BankBoston shall not be responsible for and the Trust shall
indemnify and hold BankBoston harmless against any and all
losses, damages, costs, charges, counsel fees, payments,
expenses and liability arising out of or attributable to the
Trust's refusal or failure to comply with the terms of this
Agreement, or which arise out of the Trust's lack of good
faith, negligence, or willful misconduct, or which arise out
of the breach of any representation or warranty of the Trust
hereunder.
Provided, however, that BankBoston shall not be protected by
this Article 5.B. from liability for any act or omission
resulting from BankBoston' lack of good faith, negligence,
willful misconduct, or failure to meet the standard of care
set forth in Article 5.A., above.
C. Indemnification by BankBoston.
BankBoston shall indemnify and hold the Trust harmless against
any and all losses, damages, costs, charges, reasonable
counsel fees, payments, expenses and liability arising out of
any action or failure or omission to act by BankBoston as a
result of BankBoston' lack of good faith, negligence, willful
misconduct, or failure to meet the standard of care set forth
in Article 5.A above.
D. Notification.
In order that the indemnification provisions contained in this
Article 5 shall apply, upon the assertion of a claim for which
either party may be required to indemnify the other, the party
seeking indemnification shall promptly notify the other party
of such assertion, and shall keep the other party advised with
respect to all developments concerning such claim. The party
who may be required to indemnify shall have the option to
participate with the party seeking indemnification in the
defense of such claim. The party seeking indemnification shall
in no case confess any claim or make any compromise in any
case in which the other party may be required to indemnify it
except with the other party's prior written consent.
Article 6. Term.
This Agreement shall continue in effect for one year from the date of its
execution, and thereafter for successive periods of one year if the form of this
Agreement is approved at least annually by the Trustees of the Trust, including
a majority of the members of the Board of Trustees of the Trust who are not
interested persons of the Trust and have no direct or indirect financial
interest in the operation of the Trust's Plan or in any related documents to the
Plan ("Disinterested Trustees") cast in person at a meeting called for that
purpose.
Article 7. Termination of Agreement.
Notwithstanding Article 6, this Agreement may be terminated as follows:
(a) at any time, without the payment of any penalty, by the vote
of a majority of the Disinterested Trustees of the Trust or by
a vote of a majority of the outstanding voting securities of
the Trust as defined in the Investment Company Act of 1940 on
not more than sixty (60) days' written notice to BankBoston;
(b) automatically in the event of the Agreement's assignment as
defined in the Investment Company Act of 1940; and
(c) by either party without cause upon sixty (60) days' written
notice to the other.
Article 8. Amendments to the Agreement.
This Agreement may be amended or modified by a written agreement executed
by both parties and authorized or approved by a resolution of the Trustees of
the Trust.
Article 9. Amendments to the Plan.
In the event an issue pertaining to the Plan is submitted to the
shareholders of the Trust for their approval, BankBoston will vote any shares
held for its own account in the same proportion as the vote of those shares held
for its customers' accounts.
Article 10. Interpretive and Additional Provisions.

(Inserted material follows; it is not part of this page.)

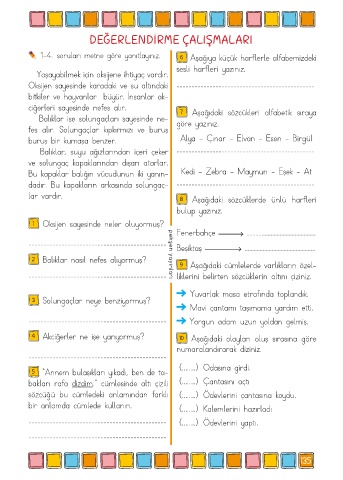 ciğerleri sayesinde nefes alır. 7 Aşağıdaki sözcükleri alfabetik sıraya

In connection with the operation of this Agreement, BankBoston and the
Trust may from time to time agree on such provisions interpretive of or in
addition to the provisions of this Agreement as may in their joint opinion be
consistent with the general tenor of this Agreement. Any such interpretive or
additional provisions shall be in a writing signed by both parties and shall be
annexed hereto, provided that no such interpretive or additional provisions
shall contravene any applicable federal or state regulations or any provision of
the Declaration of Trust. No interpretive or additional provisions made as
provided in the preceding sentence shall be deemed to be an amendment of this
Agreement.
Article 11. Miscellaneous.
Massachusetts Law to Apply.
This Agreement shall be construed and the provisions thereof interpreted
under and in accordance with the laws of the Commonwealth of Massachusetts.
Article 12. Notices.
Except as otherwise specifically provided herein, Notices and other
writings delivered or mailed postage prepaid to the Trust at Federated Investors
Tower, Pittsburgh, Pennsylvania 15222-3779, or to BankBoston at 000 Xxxxxxx
Xxxxxx, Xxxxxx, Xxxxxxxxxxxxx 00000, or to such other address as the Trust or
BankBoston may hereafter specify, shall be deemed to have been properly
delivered or given hereunder to the respective address.
Article 13. Counterparts.
This Agreement may be executed simultaneously in two or more counterparts,
each of which shall be deemed an original.
Article 14. Limitations of Liability of Trustees and Shareholders of the Trust.
The execution and delivery of this Agreement have been authorized by the
Trustees of the Trust and signed by an authorized officer of the Trust, acting
as such, and neither such authorization by such Trustees nor such execution and
delivery by such officer shall be deemed to have been made by any of them
individually or to impose any liability on any of them personally and the
obligations of this Agreement are not binding upon any of the Trustees or
shareholders of the Trust, but bind only the trust property of the Trust as
provided in the Declaration of Trust.
Article 15. Merger of Agreement.
This Agreement constitutes the entire agreement between the parties hereto
and supersedes any prior agreement with respect to the subject hereto whether
oral or written.
IN WITNESS WHEREOF, the parties hereto have caused this Agreement to be
executed in their names and on their behalf under their seals by and through
their duly authorized officers, as of the day and year first above written.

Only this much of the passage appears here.